Tuesday, January 8th, 2013

Some might assume that nonunion workplaces cannot be affected by the rulings of the National Labor Relations Board (NLRB) but that is simply not the case.  One easy way for the Board to extend its jurisdiction is to redefine certain activity in the context of a unionization campaign.

The Wall Street Journal editorial board notes how NLRB Acting General Counsel Lafe Solomon has helped shift the definition of “concerted activity” by condemning class action lawsuit limitations in a company’s arbitration agreement and considering social media interactions under that same rule. “[C]oncerted activities,” found in Section 7 of the National Labor Relations Act (NLRA), are defined in the context of employees intending to engage in collective bargaining or other collective action. 

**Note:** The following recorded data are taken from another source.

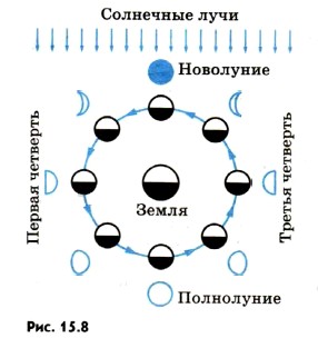 Видимое перемещение Луны происходит неравномерно, потому что Луна движется в пространстве по эллиптической орбите, в одном из фокусов которой находится центр Земли. Большая полуось лунной орбиты а = 384 400 км = = 60,ЗR⊕ (R⊕ — радиус Земли), эксцентриситет е = 0,055. Луна, подобно Земле, представляет собой темный непрозрачный шар, светящий отраженным солнечным светом. Солнце всегда освещает примерно половину этого шара, другая половина остается темной. Но так как к Земле обыкновенно бывают обращены и часть светлого видимого полушария, и часть неосвещенного, то Луна большую часть времени кажется нам неполной. Различают четыре основные фазы Луны: новолуние, первая четверть, полнолуние и последняя четверть. На рисунке 15.8 показаны положения Луны относительно Земли и Солнца для различных фаз. Интервал времени между двумя последовательными новолуниями, равный 29,5 сут., получил название синодический месяц (период). Синодический месяц лежит в основе лунного календаря. Солнечные и лунные затменияПериодически Луна частично или полностью заслоняет Солнце — такое явление называется солнечным затмением, оно может произойти во время новолуний. Когда Луна попадает в тень Земли, наступает лунное затмение, которое может наступить во время полнолуний. Вследствие наклона лунной орбиты к эклиптике эти явления происходят не каждый месяц, а значительно реже. На протяжении календарного года происходят от 2 до 5 солнечных затмений и от 0 до 3 лунных затмений. Еще древние вавилоняне заметили, что все затмения повторяются в том же порядке примерно через 18 лет и 11 дней. Этот период у древних вавилонян назывался циклом Сароса (в переводе с египетского арос — повторение), им пользовались для предсказаний затмений.
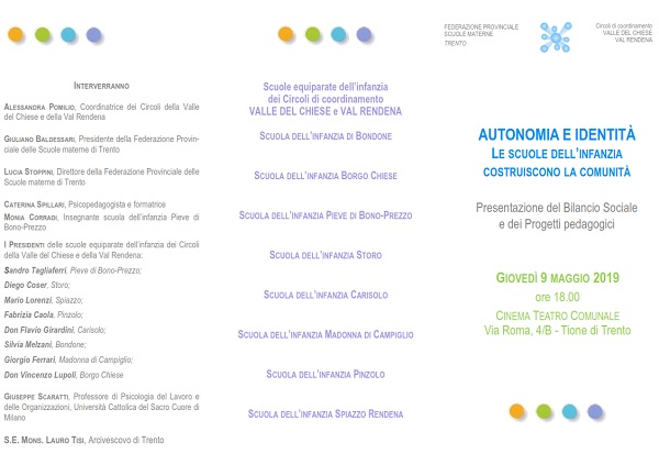 Presentazione del Bilancio Sociale e dei Progetti pedagogici delle otto scuole equiparate dell’infanzia dei Circoli della Valle del Chiese e della Val Rendena associate alla Federazione provinciale Scuole materne di Trento.
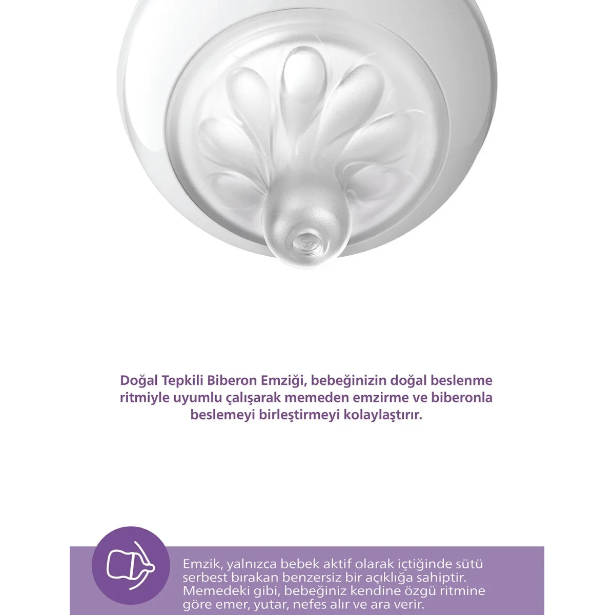 Philips Avent Natural Response PP Biberon 260 ml Philips Avent Natural Response PP Biberon, bebeğinizin doğal emme ritmine uyum sağlayarak anne göğsüne yakın bir beslenme deneyimi sunmak için tasarlanmıştır.Doğal tepkili 3 numaralı emzik ucu, yalnızca bebek emdiğinde akış sağlayan akıllı yapısı sayesinde kontrolü bebeğinize bırakır.Antikolik valf yapısı gaz oluşumunu azaltmaya yardımcı olurken, ortodontik tasarım ve BPA içermeyen polipropilen (PP) malzeme hem güvenli hem de sağlıklı kullanım sağlar.260 ml hacmiyle 3–6 aylık bebekler için ideal bir biberon çözümüdür.Philips Avent Natural Response PP Biberon 260 ml Özellikleri Doğal beslenme hissi: Doğal Tepkili 3 numaralı emzik ucu, anne göğsünü andıran emme deneyimi sunar.Akıllı akış sistemi:....
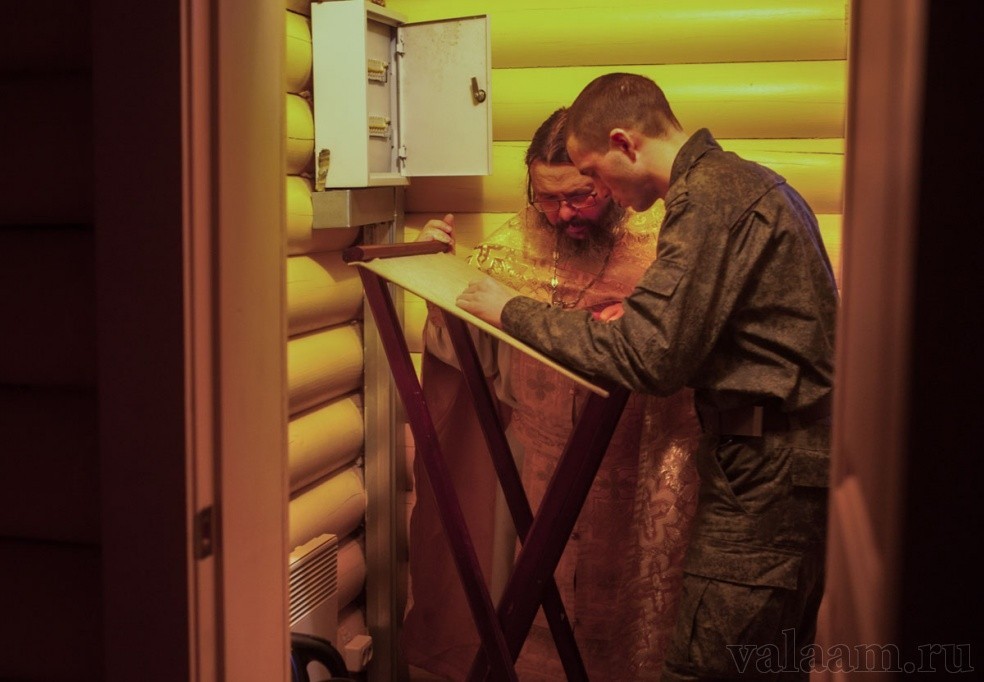 Службы в Георгиевском храме и духовные беседы с военнослужащими проводит помощник игумена Валаамской обители по взаимодействию с вооруженными силами РФ иеромонах Парфений (Шапанов): «Здесь, на Валааме, служат не только верующие и не только православные. Бывают и атеисты. Правда, к концу службы никто из них себя таковыми не считает – происходит изменение мировоззрения. Причем выбор всегда добровольный. Массовость на богослужении – вовсе не наша цель. Богослужение, молитва, Причастие – дело сугубо личное и добровольное. Ведь нам хорошо известно: "невольник – не богомолец". Ни мне, ни тем более Спасителю не нужны люди, собранные в храме по приказу, – сюда солдат приходит по зову сердца.
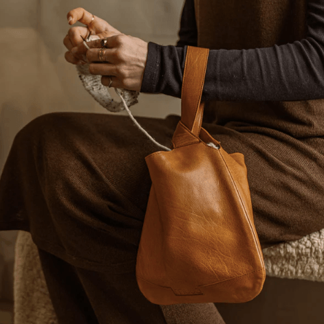 Muud Dzana laukku – elegantti nahkainen käsilaukku ja projektipussi neulojalle
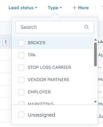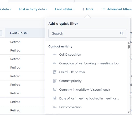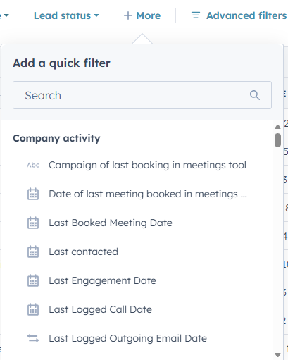 8. You can use these same instructions to add any filter of your choosing. Simply follow the same steps and then search for your preferred filter (i.e. company name, lifecycle stage, etc).
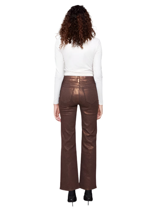 PATCH POCKET FLARED BRONZE METALLIC TWILL PANTS
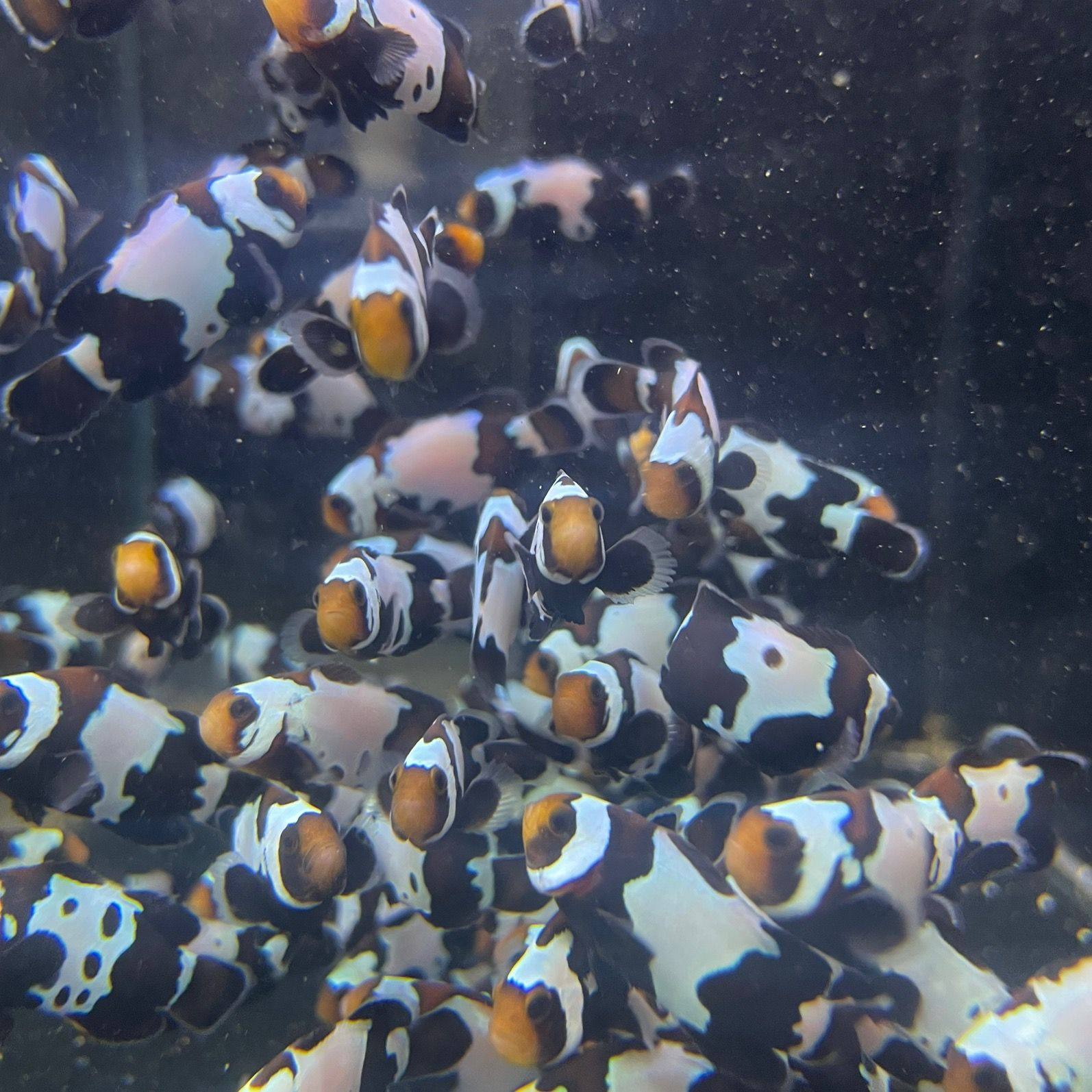 人工公子小丑鱼,又称黑边公子或奥黑毕加索小丑,是海水观赏鱼中的明星品种,以其独特的体色和活泼性格深受爱好者喜爱。其体表以亮眼的橙黄色为基底,搭配浓重黑色边缘的白色条纹,形成强烈视觉对比,部分个体更带有不规则黑斑或雪花状斑纹,如“雪印”般独特,极具艺术美感。该鱼种源自热带珊瑚礁海域,适应人工海水环境,性格温和,适合与海葵共生。经多年人工繁育,抗病力强、成活率高,是家庭海水缸的理想选择。其色彩鲜艳、姿态灵动,不仅能提升水族箱观赏性,也展现了海洋生物的奇妙多样性,是海水生物爱好者不可错过的精品观赏鱼。

Solomon’s definition isn’t how it was supposed to be, according to the editors:

Lawmakers worried at the time that companies would impose work rules dissuading employees from communicating about a union. “Protected concerted activity” ensured that employees could freely gather around the proverbial water cooler. Yet as workplaces modernized and workers obtained other protections, successful complaints about violations of “concerted activity” became rare.

The much-awaited Roundy’s decision may also extend concerted activity to a company’s e-mail system.

Not long after the faux-recess appointments were made to the Board last year, the NLRB has made it clear that it would focus on concerted activity. The NLRB is following through and grabbing more power as it goes along.